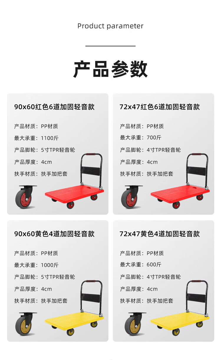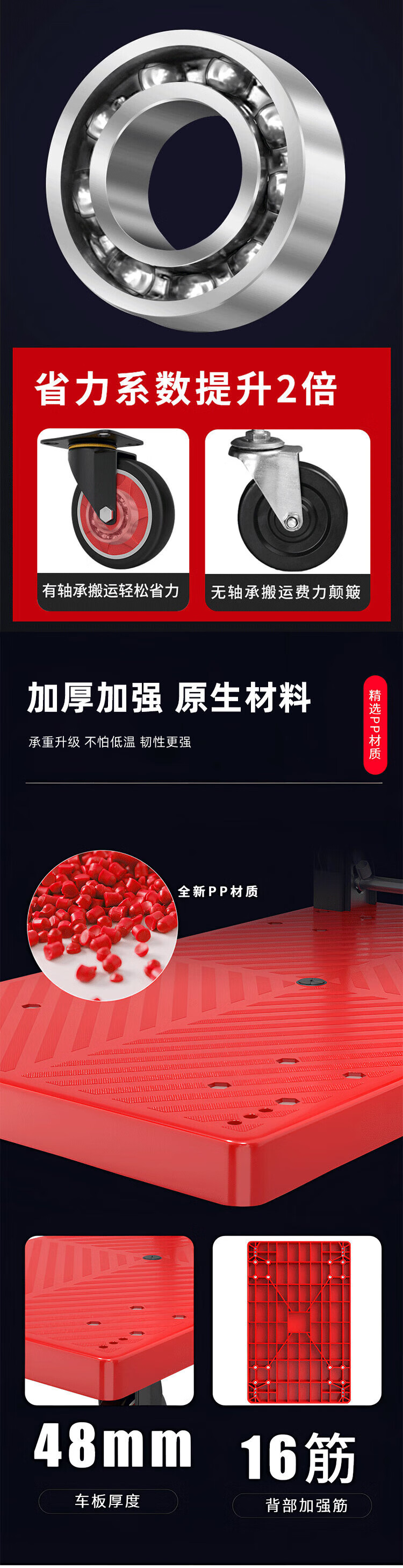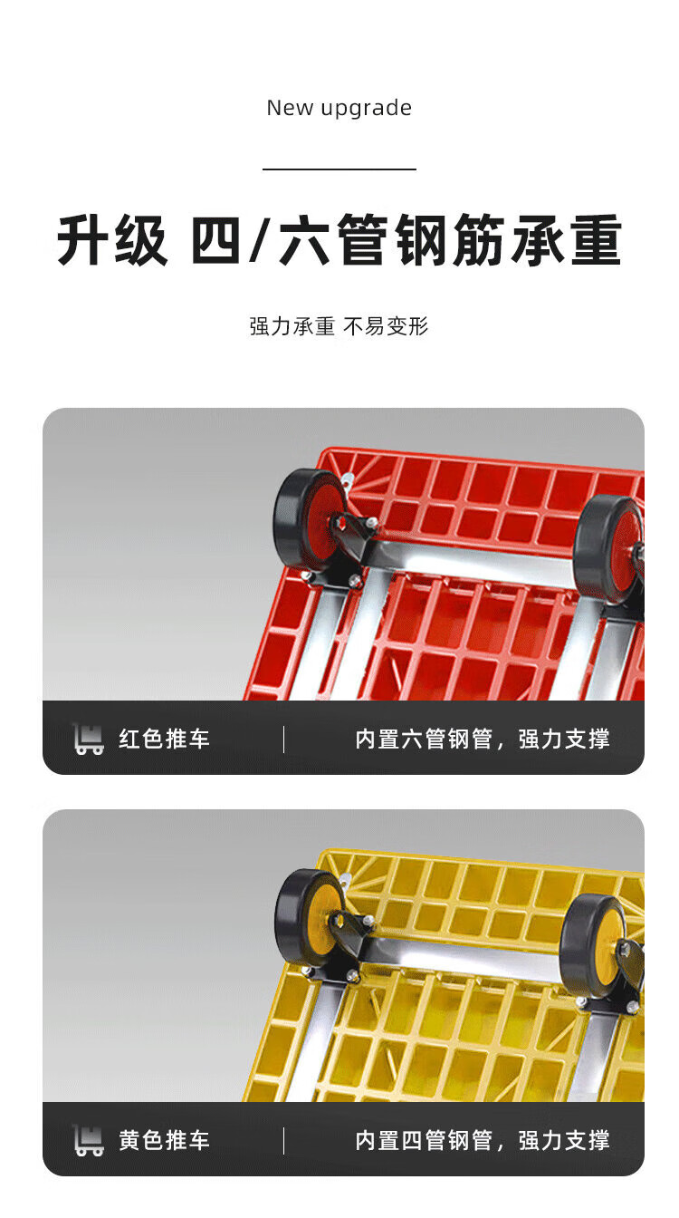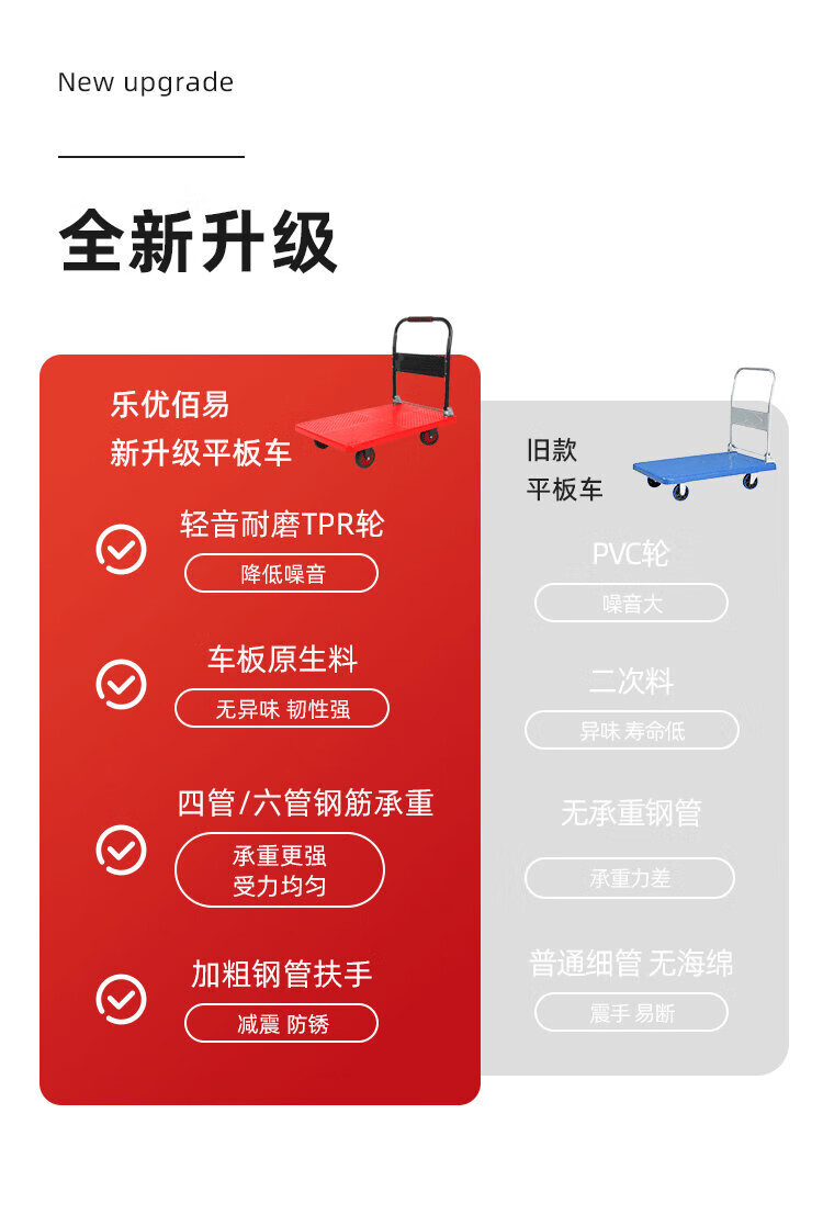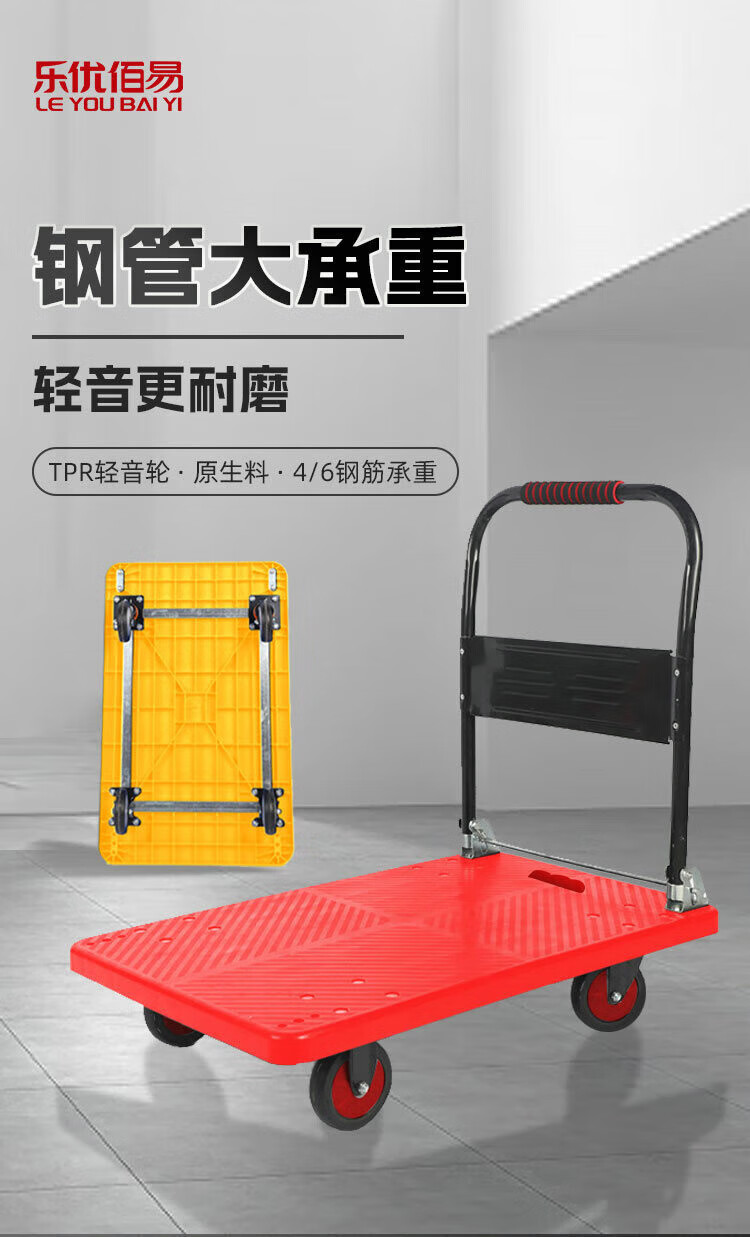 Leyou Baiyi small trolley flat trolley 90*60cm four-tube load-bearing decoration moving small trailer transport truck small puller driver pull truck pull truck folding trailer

==

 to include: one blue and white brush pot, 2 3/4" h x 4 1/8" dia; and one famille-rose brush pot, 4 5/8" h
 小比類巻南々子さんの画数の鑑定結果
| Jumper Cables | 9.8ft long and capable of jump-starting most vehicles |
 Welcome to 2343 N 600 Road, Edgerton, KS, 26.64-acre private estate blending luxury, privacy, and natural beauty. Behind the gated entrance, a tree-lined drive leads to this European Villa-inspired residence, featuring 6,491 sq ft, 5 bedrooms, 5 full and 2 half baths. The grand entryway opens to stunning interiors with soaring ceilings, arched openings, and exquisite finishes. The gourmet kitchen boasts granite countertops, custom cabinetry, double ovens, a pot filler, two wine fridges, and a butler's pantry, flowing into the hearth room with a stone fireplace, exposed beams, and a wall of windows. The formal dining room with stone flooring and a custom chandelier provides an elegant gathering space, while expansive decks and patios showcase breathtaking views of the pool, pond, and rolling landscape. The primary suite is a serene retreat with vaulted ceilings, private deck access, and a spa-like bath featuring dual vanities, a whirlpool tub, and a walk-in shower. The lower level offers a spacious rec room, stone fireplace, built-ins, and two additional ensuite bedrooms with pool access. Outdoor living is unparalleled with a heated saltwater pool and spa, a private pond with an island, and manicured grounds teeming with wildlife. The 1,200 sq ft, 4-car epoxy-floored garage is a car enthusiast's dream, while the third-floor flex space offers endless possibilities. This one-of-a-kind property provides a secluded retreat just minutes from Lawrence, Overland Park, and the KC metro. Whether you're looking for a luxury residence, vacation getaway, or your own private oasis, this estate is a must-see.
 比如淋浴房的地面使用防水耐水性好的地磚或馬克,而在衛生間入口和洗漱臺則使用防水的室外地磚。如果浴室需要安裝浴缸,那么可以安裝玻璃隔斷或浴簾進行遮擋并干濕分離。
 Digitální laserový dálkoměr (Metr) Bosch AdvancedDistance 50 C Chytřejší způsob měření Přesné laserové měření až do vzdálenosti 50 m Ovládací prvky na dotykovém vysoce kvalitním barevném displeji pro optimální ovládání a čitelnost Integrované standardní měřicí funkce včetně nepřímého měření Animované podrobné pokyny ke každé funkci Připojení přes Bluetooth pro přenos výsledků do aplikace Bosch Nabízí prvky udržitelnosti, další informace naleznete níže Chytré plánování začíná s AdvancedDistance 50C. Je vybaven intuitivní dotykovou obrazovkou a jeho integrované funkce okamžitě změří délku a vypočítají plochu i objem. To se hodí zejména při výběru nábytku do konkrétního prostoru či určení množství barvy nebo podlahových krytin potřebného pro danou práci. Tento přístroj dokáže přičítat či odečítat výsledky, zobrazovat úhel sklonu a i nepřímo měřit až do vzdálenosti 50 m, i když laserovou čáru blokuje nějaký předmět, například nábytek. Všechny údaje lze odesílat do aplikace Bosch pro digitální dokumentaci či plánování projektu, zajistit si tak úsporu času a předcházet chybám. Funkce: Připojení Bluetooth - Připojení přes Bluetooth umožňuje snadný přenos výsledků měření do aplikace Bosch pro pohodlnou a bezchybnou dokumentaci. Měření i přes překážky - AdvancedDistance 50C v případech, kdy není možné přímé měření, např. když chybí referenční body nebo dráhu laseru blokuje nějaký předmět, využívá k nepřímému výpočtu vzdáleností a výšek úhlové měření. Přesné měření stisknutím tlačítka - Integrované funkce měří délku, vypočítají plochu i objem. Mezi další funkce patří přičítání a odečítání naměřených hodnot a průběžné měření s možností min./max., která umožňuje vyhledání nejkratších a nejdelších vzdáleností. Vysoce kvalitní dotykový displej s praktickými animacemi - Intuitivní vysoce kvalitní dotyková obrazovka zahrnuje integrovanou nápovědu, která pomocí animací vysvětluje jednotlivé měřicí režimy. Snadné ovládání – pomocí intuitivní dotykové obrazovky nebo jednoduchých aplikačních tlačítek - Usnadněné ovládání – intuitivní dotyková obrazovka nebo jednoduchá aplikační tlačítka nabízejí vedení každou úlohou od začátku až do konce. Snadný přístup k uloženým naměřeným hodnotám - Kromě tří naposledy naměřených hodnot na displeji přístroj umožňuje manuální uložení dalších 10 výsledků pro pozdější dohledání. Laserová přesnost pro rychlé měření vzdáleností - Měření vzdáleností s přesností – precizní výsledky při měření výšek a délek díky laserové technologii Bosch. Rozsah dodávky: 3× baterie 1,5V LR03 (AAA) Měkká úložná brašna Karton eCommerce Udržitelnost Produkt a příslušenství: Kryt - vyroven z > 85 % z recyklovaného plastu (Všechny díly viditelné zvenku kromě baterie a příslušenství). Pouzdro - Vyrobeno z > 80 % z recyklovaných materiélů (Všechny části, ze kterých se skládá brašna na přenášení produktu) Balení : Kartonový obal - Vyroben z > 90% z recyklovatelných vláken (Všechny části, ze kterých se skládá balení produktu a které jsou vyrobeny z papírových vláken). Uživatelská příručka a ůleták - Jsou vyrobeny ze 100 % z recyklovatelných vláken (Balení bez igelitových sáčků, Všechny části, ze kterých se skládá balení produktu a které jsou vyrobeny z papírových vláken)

* * *

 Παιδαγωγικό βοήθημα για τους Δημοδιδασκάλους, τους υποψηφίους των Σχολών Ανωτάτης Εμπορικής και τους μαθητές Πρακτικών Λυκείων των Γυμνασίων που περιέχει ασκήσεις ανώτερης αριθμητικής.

Prompt: Set down only the lines above that fall between the line holding "小比類巻南々子さんの画数の鑑定結果" and the line holding "most vehicles |", inclusive, keeping each exact.

Task response:
 小比類巻南々子さんの画数の鑑定結果
| Jumper Cables | 9.8ft long and capable of jump-starting most vehicles |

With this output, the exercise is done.